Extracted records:

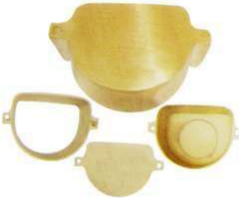
MSI-2235-00 One Side Flat Brass Flask, New Shape forged brass Alloy construction, Dimension: 2 1/4" x 3 1/2" x 4 3/4" & Unit weight 955 gram
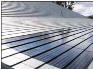
Energy saving Nu-Lok™ installation with integrated solar energy generation

Whether for a public building or a fine residence, Greenstone Slate® offers benefits relevant to today's goals, including new technology that provides lighter weight genuine slate installations. Traditional, natural and beautiful, slate still outperforms all other roofing materials even in a "greener" 21st century.
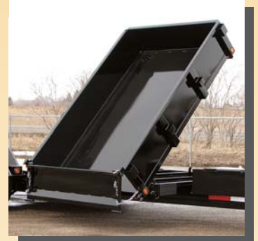
Double acting spreader gate opens from either the top of the dump box (as shown above.) Or opens from the base of the dump box (as shown below.)
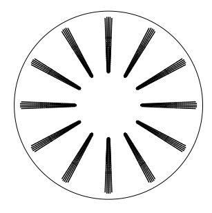
PERFORATED CITRUS PATTERN
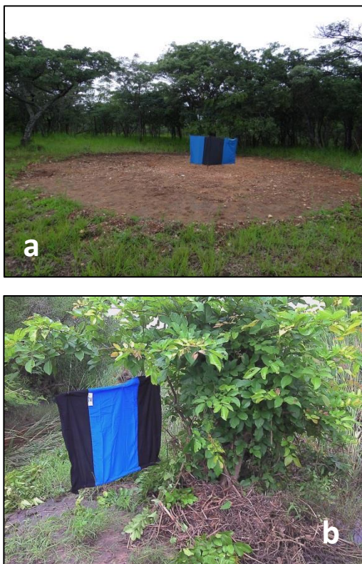
Figure 6. Blue-Black-Blue target set to control tsetse in Zimbabwe (a) and Black-Blue-Black target set to control tsetse in Senegal (b).

Tabanid trapping is essentially carried out for entomological or epidemiological studies; its effectiveness in the trypanosome fight has not yet been validated, however capture scores observed in some contexts suggest that trapping can contribute to the reduction of tabanid population densities (figure 4c).
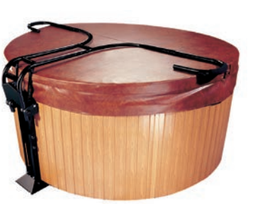
ADJUSTABLE MOUNTING BASE
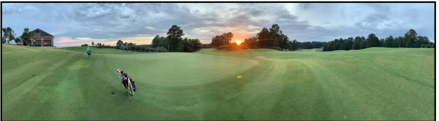
#18 at Sunset June 30,2020
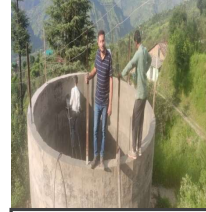
TANK NO. 3
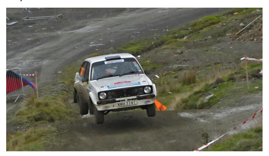
Flying high on the Sweet Lamb Stage

During the last 6 years I have been lucky enough to have had the opportunity to have had entered each of the last six events with mixed results of 4 finishes out of 6 starts can't be bad, in our 1978 Modern Historic Mk2, Ford Escort RS2000. The Car Spares Comma Oil supported Escort had one of our best results last year with 25 overall in the National Rally.
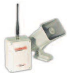
LoudMouth Wireless PA
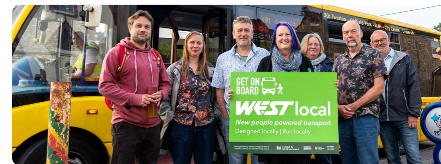
Members of the Chew Valley Community Interest Company Sustainable Transport Partnership and Chew Valley residents celebrating their new WESTlocal service.

Instagram @chewvalleysustainabletransport. Facebook group 'Bus Transition in the Chew Valley'. Email chew.valley.sprint@gmail.com
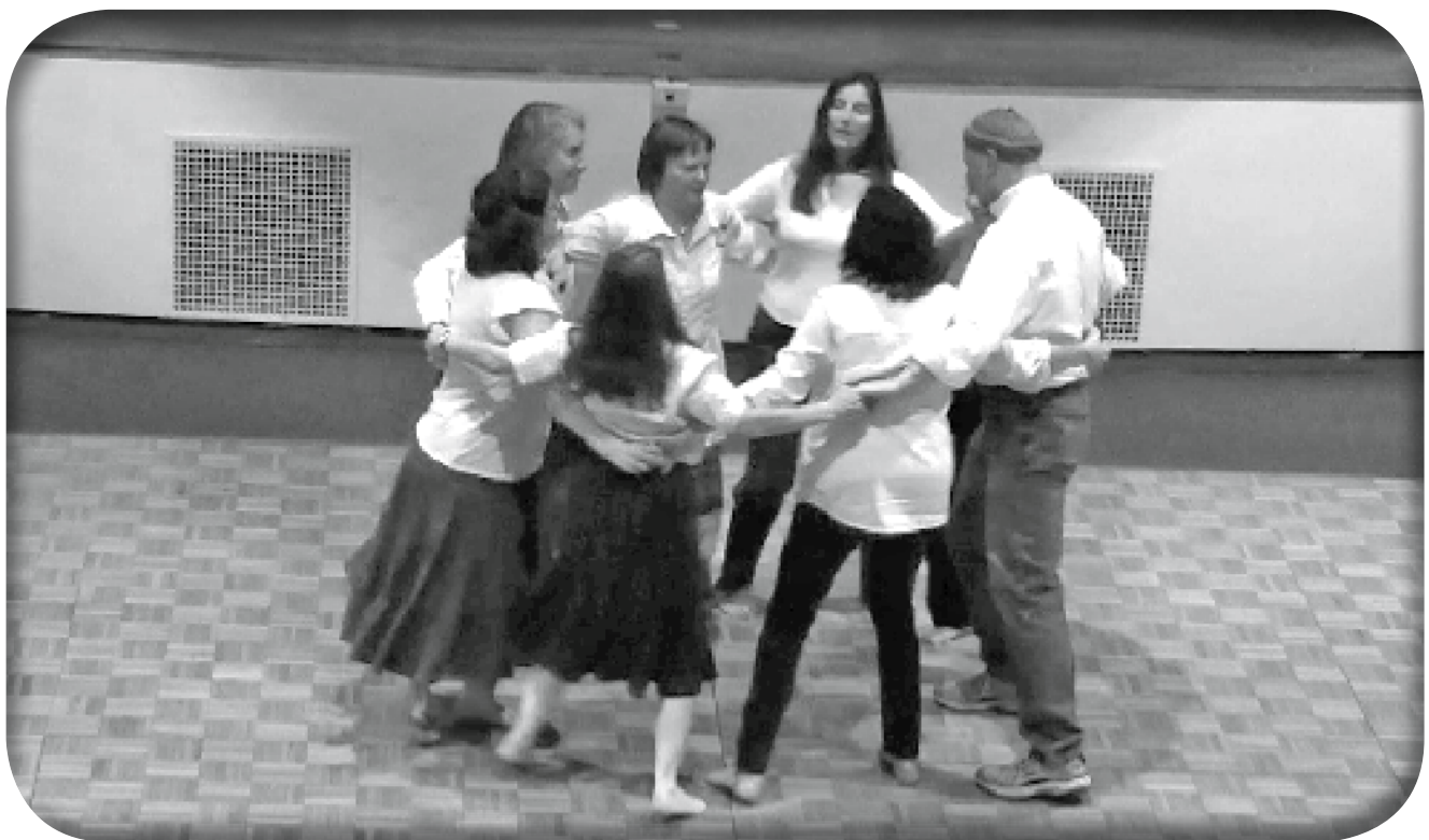
An Israeli dance by Sinai congregation members was presented as part of Sinai Temple's celebration on April 12 of the 65th Anniversary of the creation of the state of Israel.
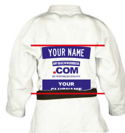
NOT COVERED BY THE BELT
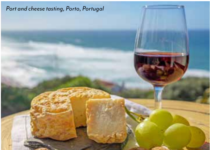
Port and cheese tasting, Porto, Portugal

Santiago de Compostela has been a world-renowned pilgrimage site since the 9th century when a light was seen shining over a forgotten Roman tomb believed to be that of St. James the Great. Stroll along stone streets to the Praza do Obradoiro square, where you may admire the splendid Palacio de Rajoy. Visit the hallowed sanctuary of Spain’s patron saint — a legendary cathedral that holds the remains of St. James. Marvel at the ornate blend of styles on its interior, ranging from Romanesque to baroque.
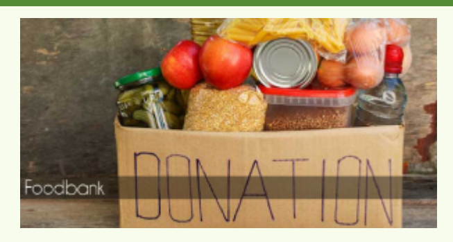
Foodbank - urgent needs before Christmas

Godalming foodbank (at St Mark's Community Centre, Franklyn Road) is appealing for: all types of pasta sauces, including meat based sauces eg bolognaise sauce (but not curry sauces); tins of macaroni cheese, tins of hot dogs and tins of mixed sausages and beans. Also orange squash.
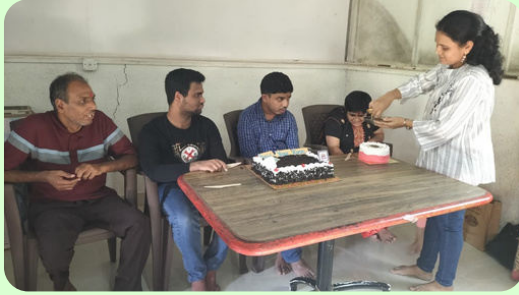
Celebrated birthdays of September-born special friends at Marunji
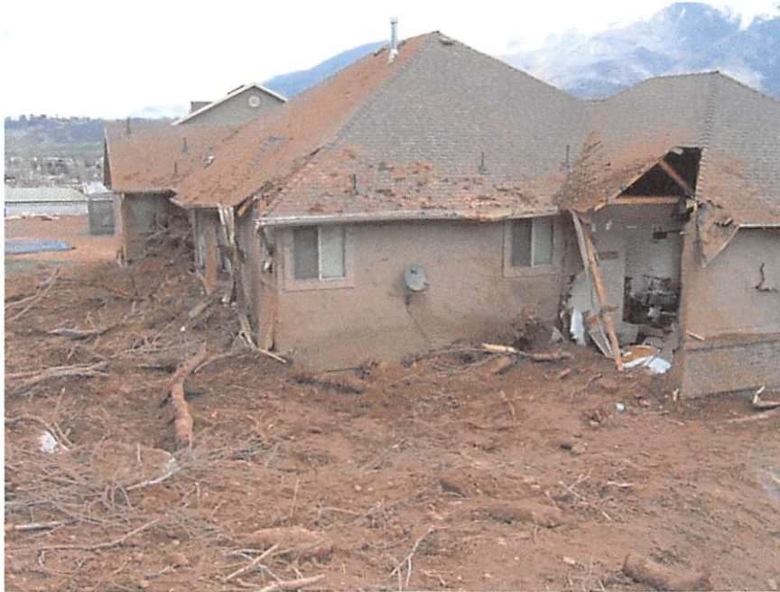
Figure 4. Damage to the house and garage at 1650 East 7687 South.
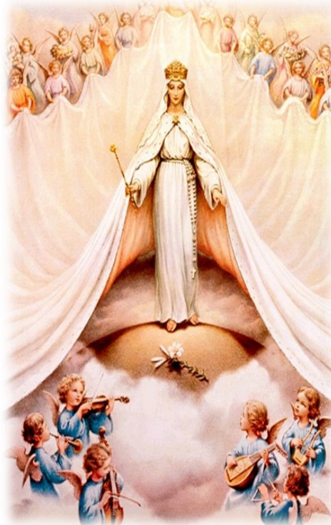
Mary, Queen of Angels, Pray for Us!
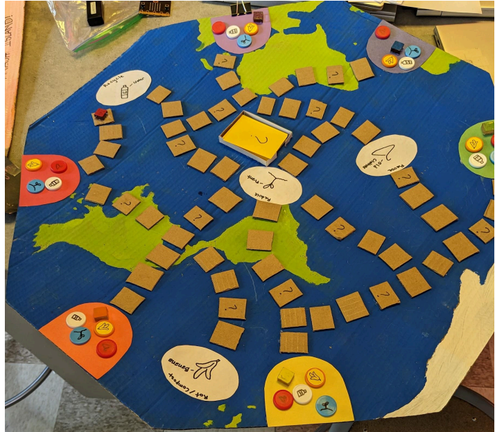
Board game created by 6th grade students at Washington Middle School for Home ReSource's ZWAP! Program

The success of the program has also allowed us to provide programming outside of the 5th grade curriculum. This year, we were the 'client' for a 6th grade Project Lead the Way classroom at Washington Middle School who created a board game for Home ReSource. We provided them with the problem: create a board game for elementary aged kids that is inspired by a zero waste world. Students in the class used their prior ZWAP! experience to create educational games, some of which were donated to Home ReSource to be able to use in our programming. These students cleverly took concepts they learned of zero waste practices and displayed them as physical pathways players can choose to navigate - those more efficient routes being shorter paths and those with less overall impact being longer - a helpful way to illustrate to younger students the benefits and consequences of our waste streams.
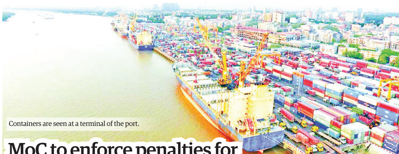
Containers are seen at a terminal of the port.
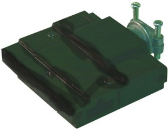
Shown in: Black

The Undercabinet Splice Box is required for hardwire applications. Conduit is fed into the back and jumper connector ports on each side can feed power to undercabinet light runs in two directions. The 1 inch jumper connector (sold separately) can be used to place the splice box next to the undercabinet housing. Longer jumper connectors can be used to place the splice box in a more convenient or remote location. Includes 3/8 inch conduit connector. Designed for use with Tech Lighting Unilume Slimline and Glyde undercabinet lights.
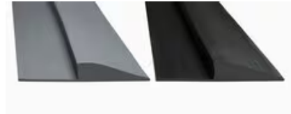
3M™ Mat Edging Roll
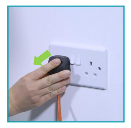
Unplug the machine.
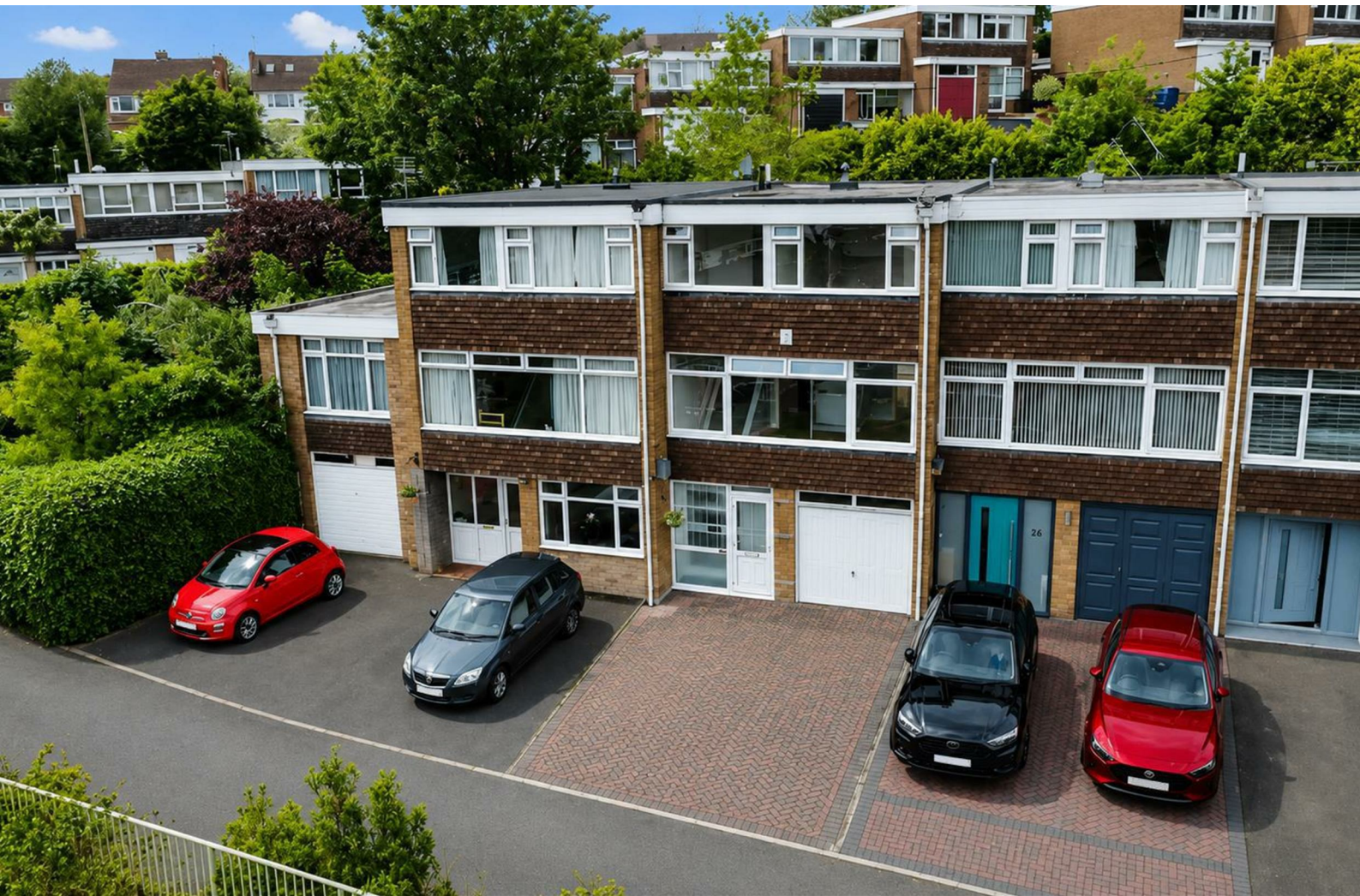
36 Redhill Close, Stourbridge, DY8 1NF
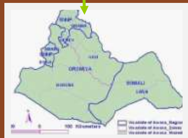
Map of the Vicariate of Awasa
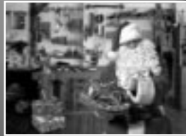
Satellite TV hookup to Santa in his North Pole workshop.

Dates are limited for this one-of-a-kind Christmas program Book early to avoid disappointment.
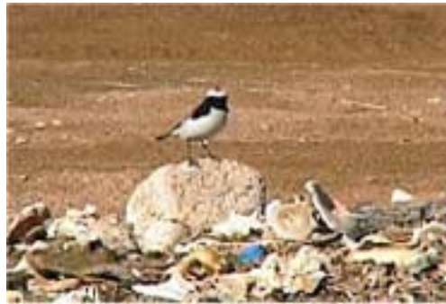
Mourning Wheatear Oenanthe lugens lugens
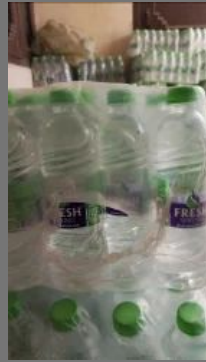
1 Ltr Drinking Water
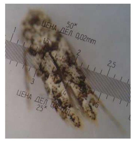
Fig. 2. The appearance of adult stage leafminer moth (x25)

Caterpillars of leafminer moth feed on the sap of plant epidermal cells first, and then – leaf parenchyma, forming in them typical by form and color mines – a hollows
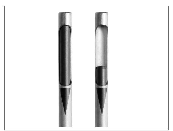
Figure 5. Closed Tissue Removal Device Cutting Window on Left

WARNING: Periodic irrigation of the tissue removal device tip is recommended to provide adequate cooling and to prevent accumulation of excised materials in the surgical site.
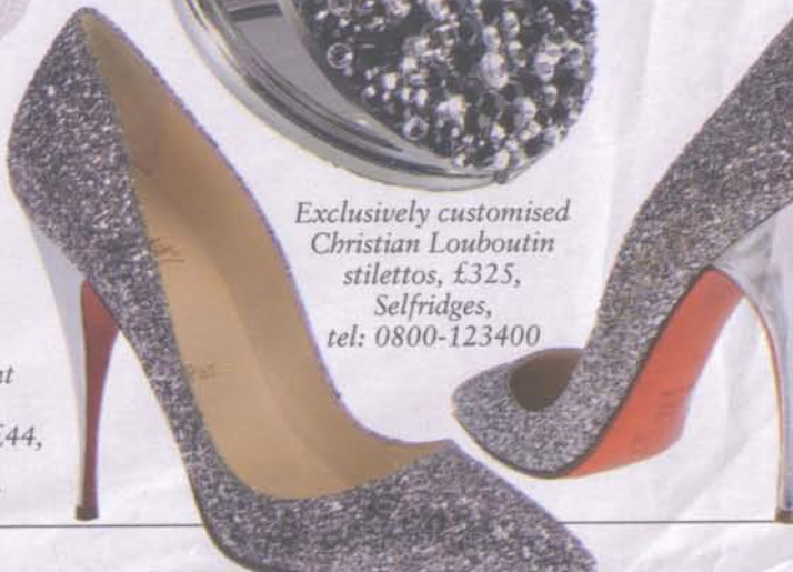
Exclusively customised Christian Louboutin stilettos, £325, Selfridges, tel: 0800-123400

## [DESCRIPTION OF THE TASK]
Please set down the lines from the one with "3M™ Mat Edging Roll" to the end of the entries above, exactly as they are, and drop every picture.

## [RESULT OF THIS EXERCISE]
3M™ Mat Edging Roll
Unplug the machine.
36 Redhill Close, Stourbridge, DY8 1NF
Map of the Vicariate of Awasa
Satellite TV hookup to Santa in his North Pole workshop.

Dates are limited for this one-of-a-kind Christmas program Book early to avoid disappointment.
Mourning Wheatear Oenanthe lugens lugens
1 Ltr Drinking Water
Fig. 2. The appearance of adult stage leafminer moth (x25)

Caterpillars of leafminer moth feed on the sap of plant epidermal cells first, and then – leaf parenchyma, forming in them typical by form and color mines – a hollows
Figure 5. Closed Tissue Removal Device Cutting Window on Left

WARNING: Periodic irrigation of the tissue removal device tip is recommended to provide adequate cooling and to prevent accumulation of excised materials in the surgical site.
Exclusively customised Christian Louboutin stilettos, £325, Selfridges, tel: 0800-123400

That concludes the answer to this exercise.